Passing decoding=dict(mask_and_scale=False)
to Dataset.xsimlab.run
passes all pytests on/before 84cabf6.
Sorry @eho-tacc I missed your issue here. Indeed you can use decoding=dict(mask_and_scale=False)
to "opt-out" this new behavior. Honestly I'm still wondering what would be the default option here.
-
mask_and_scale=True
by default is consistent withxarray.open_zarr()

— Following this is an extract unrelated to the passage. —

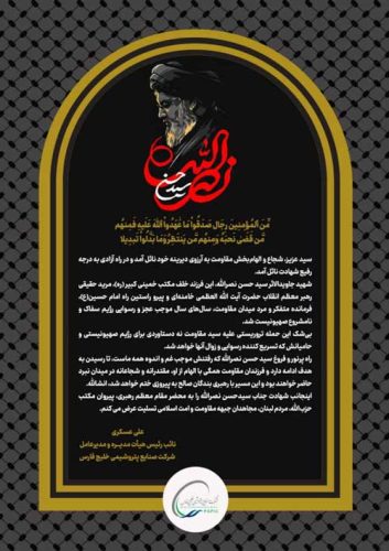 در پی شهادت سید حسن نصرالله، مدیرعامل گروه صنایع پتروشیمی خلیج فارس در پیامی تاکید کرد که راه پرنور و فروغ سید مقاومت به پیروزی ختم خواهد شد و این حمله تروریستی، تسریع کننده زوال عاملان این جنایت است.

, but zeros implicitly converted to NaN annoys me too, as I often deal withint
variables with zeros as valid data values. I wouldn't mind settingxs.variable(encoding={'fill_value': -1})
for such variables, but still if there's no fill value in the data, in the output dataset thedtype
gets converted fromint
tofloat
, which is annoying. -
mask_and_scale=False
leaves a_FillValue
attribute in the output Dataset's data variables, which may cause troubles when saving the dataset to a netcdf file. That's annoying too.
Either way, I think this should be improved directly in Xarray and/or Zarr.